A car travels around a circular track with a radius of $r=250m$. When it is at point $A$ then $V_a=5m/s$ which increases at a rate of $\dot{v}=(0.06t)m/s$. Determine the magnitude of its velocity and its acceleration when it is $1/3$ around the track. My distance in this situation is obviously $524m$.
So I know I need to integrate the $0.06t$ which would give me $0.03t^2+5$. I am unsure where to go after this. Do I make $a=0$ and solve t for that? Or do I integrate further in which case I'd get $524=0.01t^3+5t+c$ (because of it being $1/3$ around the track) which i'd be unable to solve, or am I completely wrong?
Help please.
Why is that? That is the correct approach. You can just set $c=0$, as you are not interested in anything absolute (that is, you can just choose your coordinate system such that you begin "counting" the distance the car has traveled from $t=0$). Then use this time $t_{1/3}$ to solve for $v$ and $\dot v$ at that time.

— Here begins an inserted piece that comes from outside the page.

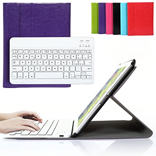 Besmall Tastiera Bluetooth Wireless Rimovibile con Cavo Ricarica USB per Apple iPad 2/3/4 + Custodia Cover Protettiva in Pelle Sintetica-Viola

EDIT (added the calculation):
$$\frac{2 \pi \cdot 250}{3}=0.01t^3+5t \leftrightarrow t\approx\{-589,88.9\}$$but we throw away the negative solution, since only the positive time makes sense physically, so $t_{1/3}=88.9$.
The we put this into our equations for $v$ and $\dot v$: $$\dot v(t_{1/3})=0.06 \cdot 88.9 = 5.33 \; m/s^2$$ and $$v(t_{1/3})=0.03 \cdot 88.9^2 +5=242.1 \; m/s$$